• _Exercise goal_
A word-for-word copy is needed of the line containing "Altitude calculée de l'eau (en m) : 46.32" and every line after it through the end of the records below, leaving out all pictures.

Material provided: Begin

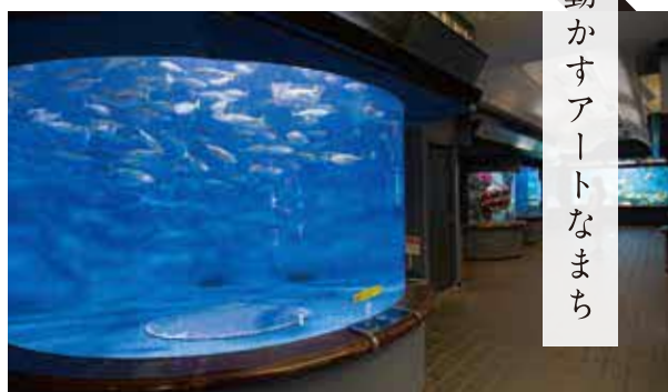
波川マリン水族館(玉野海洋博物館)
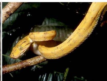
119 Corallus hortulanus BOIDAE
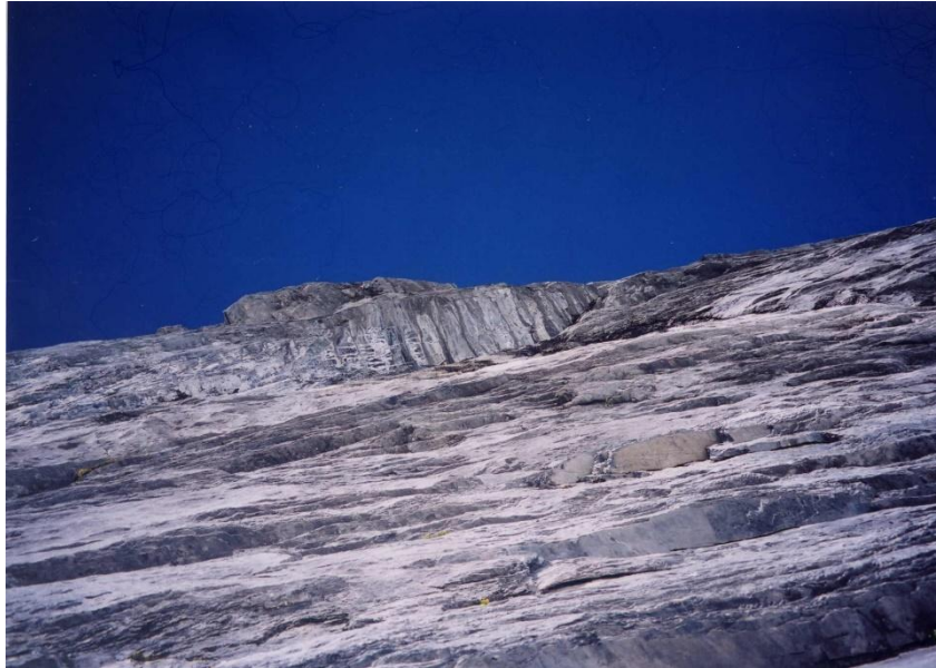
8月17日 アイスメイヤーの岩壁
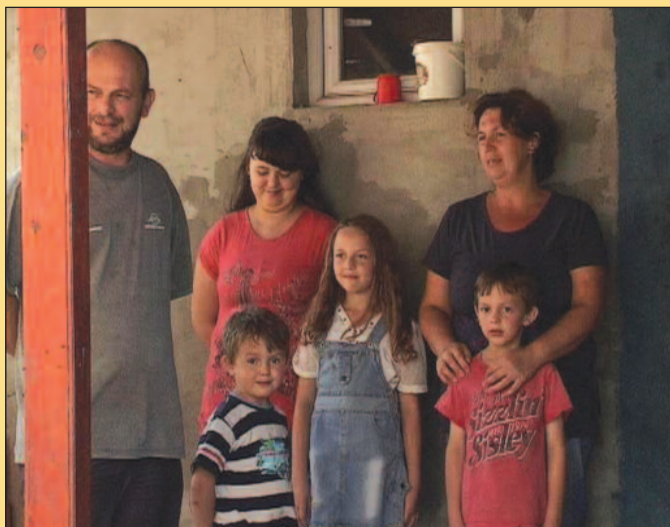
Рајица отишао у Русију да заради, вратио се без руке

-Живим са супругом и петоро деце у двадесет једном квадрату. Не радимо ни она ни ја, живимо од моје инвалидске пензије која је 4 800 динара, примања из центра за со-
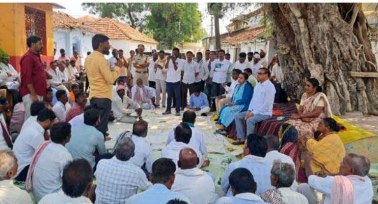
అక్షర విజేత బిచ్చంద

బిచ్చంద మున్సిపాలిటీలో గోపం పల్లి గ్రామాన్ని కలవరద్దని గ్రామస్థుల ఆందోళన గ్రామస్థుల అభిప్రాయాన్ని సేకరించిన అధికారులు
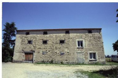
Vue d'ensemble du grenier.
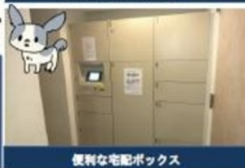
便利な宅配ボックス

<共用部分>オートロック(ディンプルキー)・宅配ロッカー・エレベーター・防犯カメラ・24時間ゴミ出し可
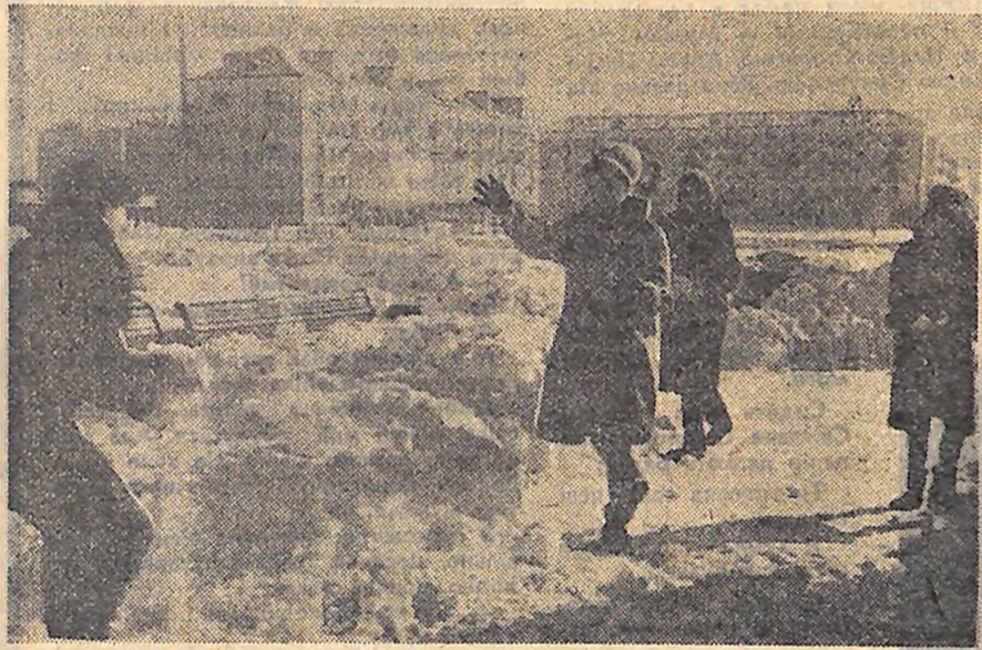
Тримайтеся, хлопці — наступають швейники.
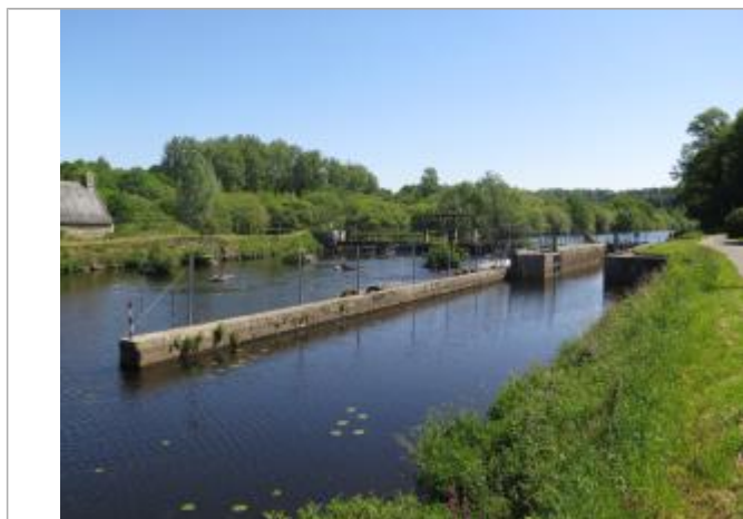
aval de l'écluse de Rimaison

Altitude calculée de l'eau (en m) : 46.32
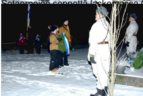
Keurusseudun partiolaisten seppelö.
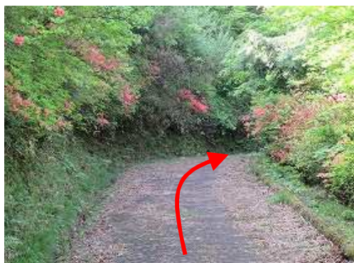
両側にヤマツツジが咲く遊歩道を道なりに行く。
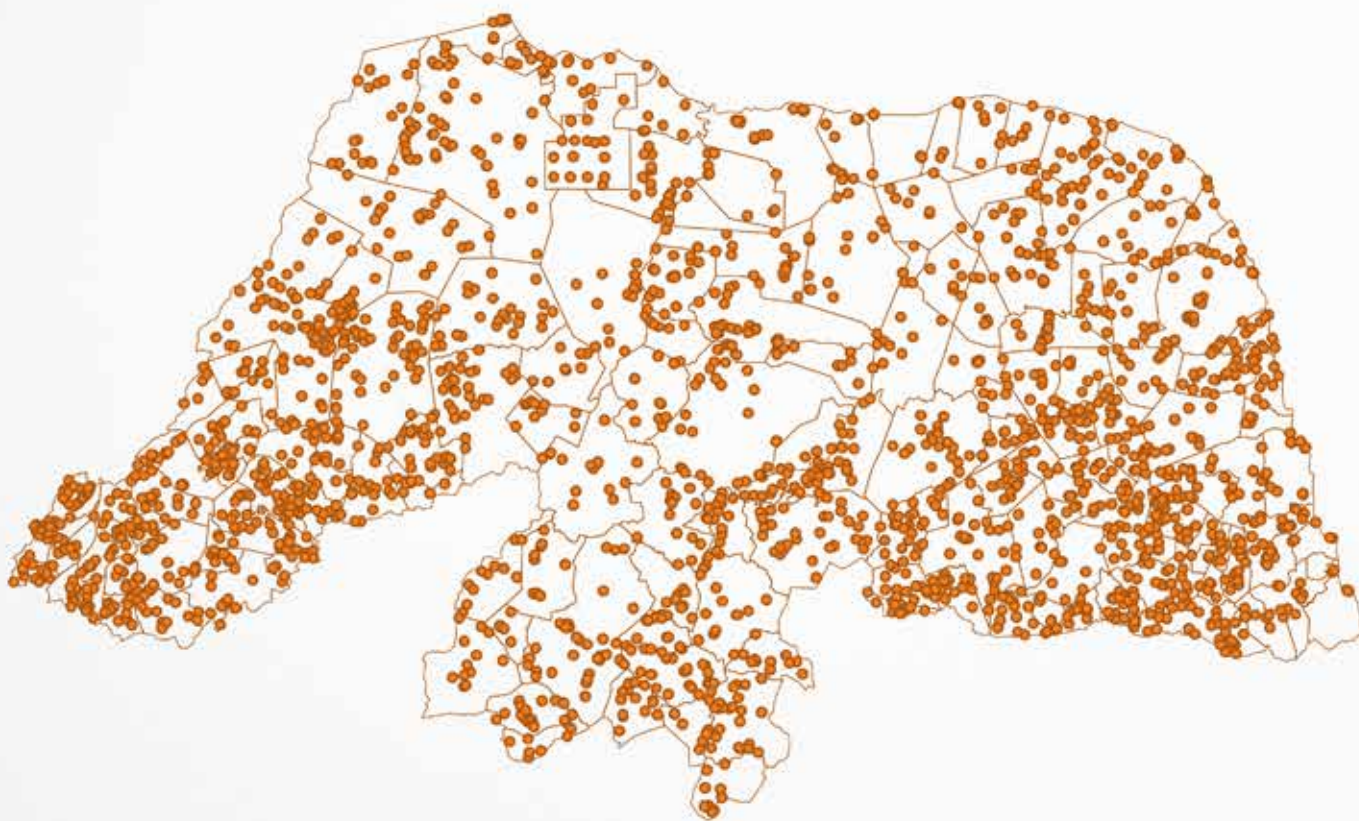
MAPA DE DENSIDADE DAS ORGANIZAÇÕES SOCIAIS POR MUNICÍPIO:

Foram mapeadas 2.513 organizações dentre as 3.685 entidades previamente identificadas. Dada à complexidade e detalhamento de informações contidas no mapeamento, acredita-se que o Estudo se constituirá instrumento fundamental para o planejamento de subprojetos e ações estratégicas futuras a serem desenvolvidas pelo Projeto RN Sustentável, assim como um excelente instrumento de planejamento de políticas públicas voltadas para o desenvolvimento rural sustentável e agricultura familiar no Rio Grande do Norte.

Material provided: End

• _Task output_
Altitude calculée de l'eau (en m) : 46.32
Keurusseudun partiolaisten seppelö.
両側にヤマツツジが咲く遊歩道を道なりに行く。
MAPA DE DENSIDADE DAS ORGANIZAÇÕES SOCIAIS POR MUNICÍPIO:

Foram mapeadas 2.513 organizações dentre as 3.685 entidades previamente identificadas. Dada à complexidade e detalhamento de informações contidas no mapeamento, acredita-se que o Estudo se constituirá instrumento fundamental para o planejamento de subprojetos e ações estratégicas futuras a serem desenvolvidas pelo Projeto RN Sustentável, assim como um excelente instrumento de planejamento de políticas públicas voltadas para o desenvolvimento rural sustentável e agricultura familiar no Rio Grande do Norte.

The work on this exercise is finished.